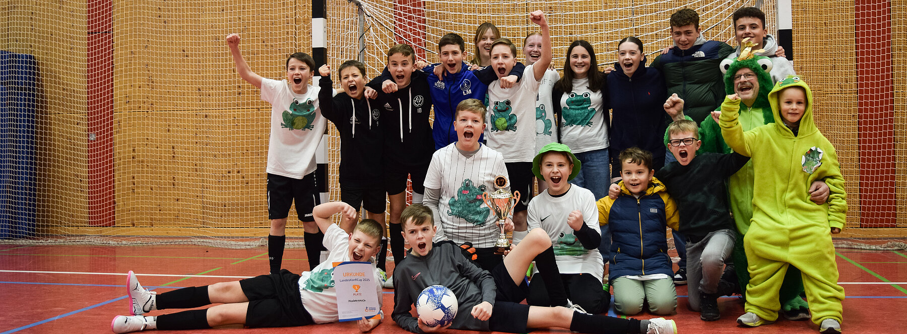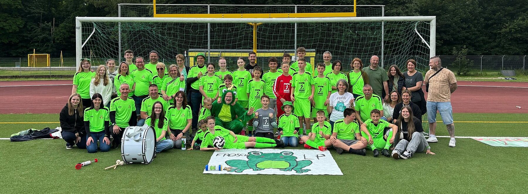 F.C.K. – oder auch „Fußball cool in Köln“ erlebten unsere Präparand*innen, die alle für ein evtl. Konfi-Bundesturnier 2026 im nächsten Jahr wieder spielberechtigt wären (nur unser Spieler-As Lilly Gros ist mittlerweile frischgebackene Konfirmierte). Zwei Turniersiege auf Dekanats- und Pfalzebene berechtigten zur Teilnahme am Fußballturnier der besten Konfiteams Deutschlands. Und es war soooo toll! Pate dafür standen neben den Spielern und Spielerinnen selbst auch die Eltern, die das „Drumrum dieser schönsten „Nebensache der Welt“ managten. Viele Familien haben den weiten Weg ins Kölner Rhein Energie Stadion auf sich genommen und bei den Spielen, die im Rahmen eines „Come together-Festivals“ zelebriert wurden, für kräftige Unterstützung gesorgt – lukullisch mit Essen und Getränken und darüber hinaus sehr wortgewaltig und mitreißend-energiegeladen. Auch von zuhause aus kam viel Rückenwind für unsere Mannschaft: von mitfiebernden Mitpräparand*innen und vielen Freunden und Gönnern; im Vorfeld drückte sich die Begeisterung und Sympathie auch in einer sehr üppigen Spendenbereitschaft aus, angefangen von der stolzen Ortsgemeinde Mackenbachs über Vereins-„Verbündete“ bis nach Reichenbach zur Apotheke und zum VfB, der seine schönen Rasenplätze zum vorbereitenden Training zur Verfügung stellte.: Es gab und gibt eine große Solidargemeinschaft, die auch aus finanzieller Sicht eine solch umfangreiche Unternehmung mit Übernachtungs-, Fahrt- und anderen Kosten erst möglich machte. Wenn Frösche – und das sind wir Konfifußballer aus Mackenbach, Schwedelbach, Reichenbach-Steegen mit Kollweiler und Erzenhausen nun mal – über den Teichrand bis nach Köln hinausschauen, dann freuen sie sich auch über Kröten, die dafür locker gemacht wurden. Auch die starken Frosch-Trikots wurden dank der Firma „Bodenbeläge Jung“ großzügig gesponsert.
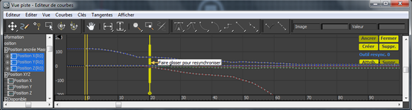 Cela supprime l'influence de la synchronisation sur l'animation des pistes mises en surbrillance. La synchronisation est conservée, mais ne peut pas avoir d'incidence sur le mouvement de l'objet. Les courbes de l'objet disparaissent de la fenêtre Clé afin d'indiquer que l'animation ne peut plus être modifiée avec cette resynchronisation.
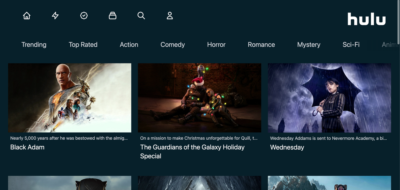 Hulu clone is an UI web application which is built using Next Js as frontend framework and tailwind CSS as styling framework. This clone fetch the data from API The Movie Database that you can get from api.themoviedb.org. The making of this clone is instructed by Sonny Sangha.
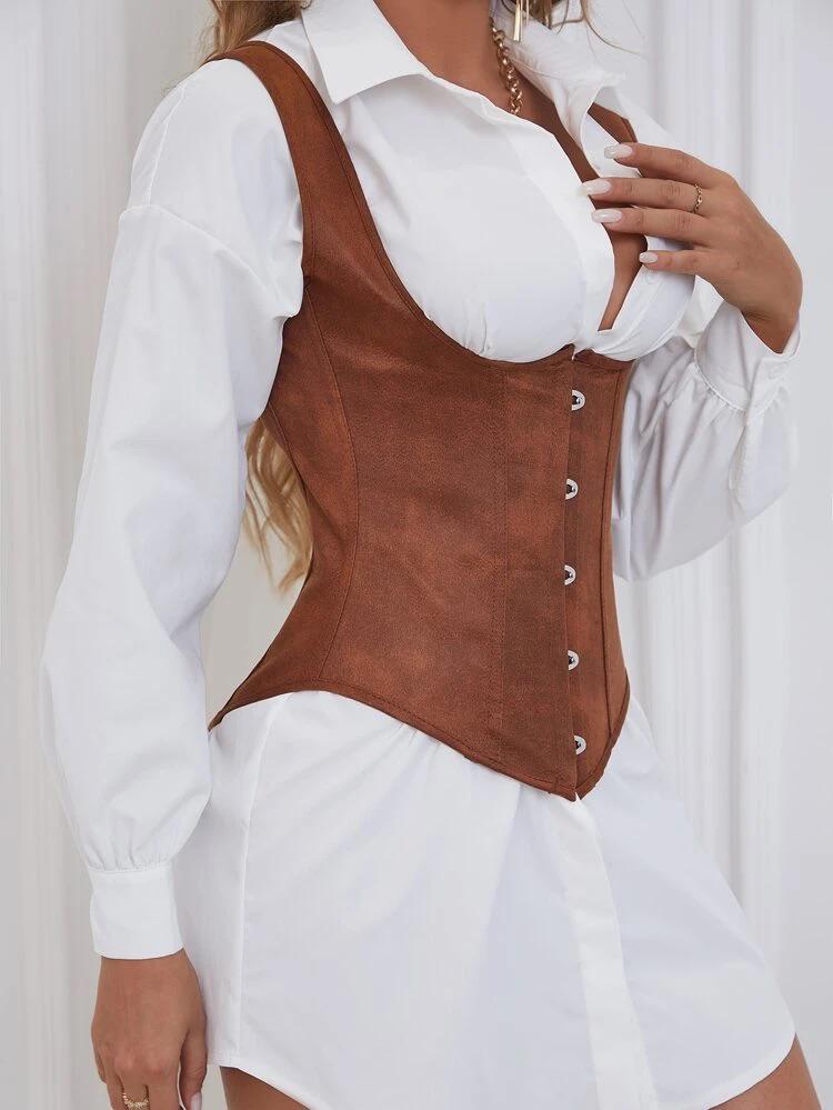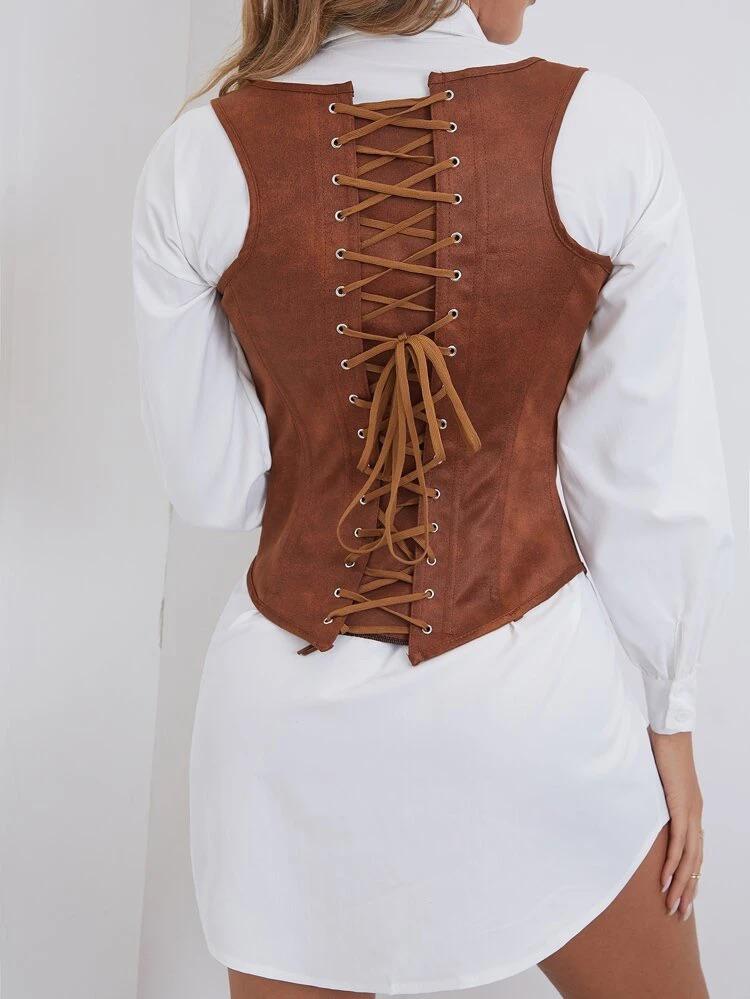 Lace Up Tie Back Shapewear Top Without Blouse

**Assigned task:** Please reproduce the listing exactly, leaving out any pictures.

**Solution for this task:**
 F.C.K. – oder auch „Fußball cool in Köln“ erlebten unsere Präparand*innen, die alle für ein evtl. Konfi-Bundesturnier 2026 im nächsten Jahr wieder spielberechtigt wären (nur unser Spieler-As Lilly Gros ist mittlerweile frischgebackene Konfirmierte). Zwei Turniersiege auf Dekanats- und Pfalzebene berechtigten zur Teilnahme am Fußballturnier der besten Konfiteams Deutschlands. Und es war soooo toll! Pate dafür standen neben den Spielern und Spielerinnen selbst auch die Eltern, die das „Drumrum dieser schönsten „Nebensache der Welt“ managten. Viele Familien haben den weiten Weg ins Kölner Rhein Energie Stadion auf sich genommen und bei den Spielen, die im Rahmen eines „Come together-Festivals“ zelebriert wurden, für kräftige Unterstützung gesorgt – lukullisch mit Essen und Getränken und darüber hinaus sehr wortgewaltig und mitreißend-energiegeladen. Auch von zuhause aus kam viel Rückenwind für unsere Mannschaft: von mitfiebernden Mitpräparand*innen und vielen Freunden und Gönnern; im Vorfeld drückte sich die Begeisterung und Sympathie auch in einer sehr üppigen Spendenbereitschaft aus, angefangen von der stolzen Ortsgemeinde Mackenbachs über Vereins-„Verbündete“ bis nach Reichenbach zur Apotheke und zum VfB, der seine schönen Rasenplätze zum vorbereitenden Training zur Verfügung stellte.: Es gab und gibt eine große Solidargemeinschaft, die auch aus finanzieller Sicht eine solch umfangreiche Unternehmung mit Übernachtungs-, Fahrt- und anderen Kosten erst möglich machte. Wenn Frösche – und das sind wir Konfifußballer aus Mackenbach, Schwedelbach, Reichenbach-Steegen mit Kollweiler und Erzenhausen nun mal – über den Teichrand bis nach Köln hinausschauen, dann freuen sie sich auch über Kröten, die dafür locker gemacht wurden. Auch die starken Frosch-Trikots wurden dank der Firma „Bodenbeläge Jung“ großzügig gesponsert.
 Cela supprime l'influence de la synchronisation sur l'animation des pistes mises en surbrillance. La synchronisation est conservée, mais ne peut pas avoir d'incidence sur le mouvement de l'objet. Les courbes de l'objet disparaissent de la fenêtre Clé afin d'indiquer que l'animation ne peut plus être modifiée avec cette resynchronisation.
 Hulu clone is an UI web application which is built using Next Js as frontend framework and tailwind CSS as styling framework. This clone fetch the data from API The Movie Database that you can get from api.themoviedb.org. The making of this clone is instructed by Sonny Sangha.
 Lace Up Tie Back Shapewear Top Without Blouse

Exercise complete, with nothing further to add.